WORK INSTRUCTION: Look through the material below. Copy every line with the string "services" in it.

· · · · ·

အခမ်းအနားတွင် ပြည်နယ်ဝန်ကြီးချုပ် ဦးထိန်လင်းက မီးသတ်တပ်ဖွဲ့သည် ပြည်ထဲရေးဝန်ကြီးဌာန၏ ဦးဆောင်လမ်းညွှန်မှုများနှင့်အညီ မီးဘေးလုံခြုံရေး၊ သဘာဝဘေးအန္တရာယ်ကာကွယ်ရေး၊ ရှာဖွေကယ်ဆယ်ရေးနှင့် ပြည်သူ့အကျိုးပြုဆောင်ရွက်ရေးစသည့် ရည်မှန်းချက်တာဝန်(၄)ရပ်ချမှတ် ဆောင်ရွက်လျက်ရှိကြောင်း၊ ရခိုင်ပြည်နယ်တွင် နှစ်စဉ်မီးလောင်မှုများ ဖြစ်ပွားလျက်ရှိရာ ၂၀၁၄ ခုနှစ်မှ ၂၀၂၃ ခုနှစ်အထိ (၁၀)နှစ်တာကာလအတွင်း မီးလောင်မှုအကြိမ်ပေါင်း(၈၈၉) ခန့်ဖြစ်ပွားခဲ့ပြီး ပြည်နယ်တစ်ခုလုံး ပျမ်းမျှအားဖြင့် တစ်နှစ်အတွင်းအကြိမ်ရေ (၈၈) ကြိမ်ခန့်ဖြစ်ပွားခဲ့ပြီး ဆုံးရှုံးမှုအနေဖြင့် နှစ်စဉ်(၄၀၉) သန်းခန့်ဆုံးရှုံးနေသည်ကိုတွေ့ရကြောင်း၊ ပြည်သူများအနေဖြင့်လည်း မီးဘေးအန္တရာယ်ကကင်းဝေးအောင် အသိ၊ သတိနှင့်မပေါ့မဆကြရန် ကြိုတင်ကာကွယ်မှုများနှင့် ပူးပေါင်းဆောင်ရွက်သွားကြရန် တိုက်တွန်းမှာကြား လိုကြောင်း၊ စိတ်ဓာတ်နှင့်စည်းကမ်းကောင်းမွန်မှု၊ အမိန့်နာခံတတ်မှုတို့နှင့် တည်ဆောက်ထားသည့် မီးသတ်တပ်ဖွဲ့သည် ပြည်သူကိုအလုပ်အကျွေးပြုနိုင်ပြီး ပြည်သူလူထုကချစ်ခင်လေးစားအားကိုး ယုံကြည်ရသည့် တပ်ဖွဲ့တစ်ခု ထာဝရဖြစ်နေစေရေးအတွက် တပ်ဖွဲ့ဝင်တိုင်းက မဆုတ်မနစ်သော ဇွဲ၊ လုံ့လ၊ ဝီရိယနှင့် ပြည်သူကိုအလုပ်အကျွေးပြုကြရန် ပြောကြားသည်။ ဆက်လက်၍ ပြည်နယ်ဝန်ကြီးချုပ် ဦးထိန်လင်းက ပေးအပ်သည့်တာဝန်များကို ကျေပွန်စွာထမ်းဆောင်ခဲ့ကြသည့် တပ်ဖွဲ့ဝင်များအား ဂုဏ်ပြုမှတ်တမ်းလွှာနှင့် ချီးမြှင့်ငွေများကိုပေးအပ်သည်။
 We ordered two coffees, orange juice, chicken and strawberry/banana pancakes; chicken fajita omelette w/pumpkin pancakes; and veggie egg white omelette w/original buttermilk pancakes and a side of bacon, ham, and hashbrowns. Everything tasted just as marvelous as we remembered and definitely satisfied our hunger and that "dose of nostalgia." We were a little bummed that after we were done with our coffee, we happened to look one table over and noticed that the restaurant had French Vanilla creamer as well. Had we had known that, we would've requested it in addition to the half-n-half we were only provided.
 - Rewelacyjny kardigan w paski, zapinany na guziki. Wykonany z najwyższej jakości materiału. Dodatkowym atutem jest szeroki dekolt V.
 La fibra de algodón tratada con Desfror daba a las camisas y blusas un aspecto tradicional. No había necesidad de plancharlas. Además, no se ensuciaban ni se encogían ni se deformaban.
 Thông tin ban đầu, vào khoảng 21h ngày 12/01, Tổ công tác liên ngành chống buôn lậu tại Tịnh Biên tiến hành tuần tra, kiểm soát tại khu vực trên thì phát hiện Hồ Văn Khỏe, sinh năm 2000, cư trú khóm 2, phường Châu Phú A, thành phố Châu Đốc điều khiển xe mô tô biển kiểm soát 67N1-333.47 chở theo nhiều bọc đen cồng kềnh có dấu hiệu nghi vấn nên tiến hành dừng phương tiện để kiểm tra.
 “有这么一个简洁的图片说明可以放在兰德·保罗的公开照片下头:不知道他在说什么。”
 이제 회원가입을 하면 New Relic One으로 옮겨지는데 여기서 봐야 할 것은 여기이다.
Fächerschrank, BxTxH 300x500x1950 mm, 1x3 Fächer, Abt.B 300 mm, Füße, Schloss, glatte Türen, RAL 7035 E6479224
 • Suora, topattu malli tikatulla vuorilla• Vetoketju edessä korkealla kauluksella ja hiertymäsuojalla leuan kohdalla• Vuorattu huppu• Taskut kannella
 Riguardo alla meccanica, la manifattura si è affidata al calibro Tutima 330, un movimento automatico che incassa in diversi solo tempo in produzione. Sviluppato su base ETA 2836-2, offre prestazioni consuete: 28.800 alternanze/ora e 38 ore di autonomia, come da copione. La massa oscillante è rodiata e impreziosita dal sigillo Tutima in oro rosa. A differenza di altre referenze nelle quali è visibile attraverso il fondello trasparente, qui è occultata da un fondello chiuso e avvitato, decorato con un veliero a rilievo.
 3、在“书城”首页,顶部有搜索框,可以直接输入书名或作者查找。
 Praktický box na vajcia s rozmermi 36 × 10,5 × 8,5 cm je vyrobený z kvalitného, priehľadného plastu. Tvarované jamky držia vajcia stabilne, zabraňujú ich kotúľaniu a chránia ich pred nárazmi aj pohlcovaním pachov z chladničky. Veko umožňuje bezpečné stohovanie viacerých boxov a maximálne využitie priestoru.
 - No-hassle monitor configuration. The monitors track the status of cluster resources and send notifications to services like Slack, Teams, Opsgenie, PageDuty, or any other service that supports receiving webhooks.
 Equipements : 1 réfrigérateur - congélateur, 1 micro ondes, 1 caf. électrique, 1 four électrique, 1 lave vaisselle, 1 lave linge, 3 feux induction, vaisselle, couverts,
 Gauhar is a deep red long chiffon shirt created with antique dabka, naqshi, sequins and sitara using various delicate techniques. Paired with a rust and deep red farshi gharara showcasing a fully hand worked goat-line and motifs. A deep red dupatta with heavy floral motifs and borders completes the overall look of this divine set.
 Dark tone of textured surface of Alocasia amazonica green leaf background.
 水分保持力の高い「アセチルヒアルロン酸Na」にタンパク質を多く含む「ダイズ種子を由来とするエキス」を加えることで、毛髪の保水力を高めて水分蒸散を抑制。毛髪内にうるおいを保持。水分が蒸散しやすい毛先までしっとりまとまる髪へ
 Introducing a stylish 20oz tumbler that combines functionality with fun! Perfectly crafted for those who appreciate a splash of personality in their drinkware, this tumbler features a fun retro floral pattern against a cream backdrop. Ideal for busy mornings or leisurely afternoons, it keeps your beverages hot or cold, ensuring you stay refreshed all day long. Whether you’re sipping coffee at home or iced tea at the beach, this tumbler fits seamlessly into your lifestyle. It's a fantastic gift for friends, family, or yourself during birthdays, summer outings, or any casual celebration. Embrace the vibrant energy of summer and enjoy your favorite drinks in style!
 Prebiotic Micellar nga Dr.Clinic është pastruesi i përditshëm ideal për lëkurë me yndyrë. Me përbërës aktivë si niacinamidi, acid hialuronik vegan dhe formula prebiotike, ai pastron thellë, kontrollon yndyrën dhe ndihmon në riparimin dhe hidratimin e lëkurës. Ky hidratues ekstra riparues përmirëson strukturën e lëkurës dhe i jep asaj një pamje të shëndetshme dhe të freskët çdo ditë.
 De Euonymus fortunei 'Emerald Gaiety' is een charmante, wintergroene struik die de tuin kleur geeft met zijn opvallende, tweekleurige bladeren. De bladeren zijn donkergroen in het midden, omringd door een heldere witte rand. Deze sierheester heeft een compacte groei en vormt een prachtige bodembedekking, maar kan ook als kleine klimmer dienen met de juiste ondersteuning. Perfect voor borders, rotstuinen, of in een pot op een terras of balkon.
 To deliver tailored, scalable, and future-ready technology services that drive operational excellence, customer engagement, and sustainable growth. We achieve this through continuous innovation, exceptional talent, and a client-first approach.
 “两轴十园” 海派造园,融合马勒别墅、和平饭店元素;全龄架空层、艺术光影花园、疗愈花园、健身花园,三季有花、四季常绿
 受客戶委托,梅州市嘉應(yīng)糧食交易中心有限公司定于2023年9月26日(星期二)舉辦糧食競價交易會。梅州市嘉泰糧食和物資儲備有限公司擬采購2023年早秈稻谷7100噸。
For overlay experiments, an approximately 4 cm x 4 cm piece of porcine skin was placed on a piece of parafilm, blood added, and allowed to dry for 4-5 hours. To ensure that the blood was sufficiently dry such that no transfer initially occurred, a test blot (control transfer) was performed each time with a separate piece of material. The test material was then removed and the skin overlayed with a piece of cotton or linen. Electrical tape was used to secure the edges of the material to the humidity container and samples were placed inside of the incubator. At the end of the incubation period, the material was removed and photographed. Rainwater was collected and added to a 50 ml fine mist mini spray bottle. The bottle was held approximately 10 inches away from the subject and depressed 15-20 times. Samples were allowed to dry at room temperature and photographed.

· · · · ·

EXERCISE RESPONSE:
 - No-hassle monitor configuration. The monitors track the status of cluster resources and send notifications to services like Slack, Teams, Opsgenie, PageDuty, or any other service that supports receiving webhooks.
 To deliver tailored, scalable, and future-ready technology services that drive operational excellence, customer engagement, and sustainable growth. We achieve this through continuous innovation, exceptional talent, and a client-first approach.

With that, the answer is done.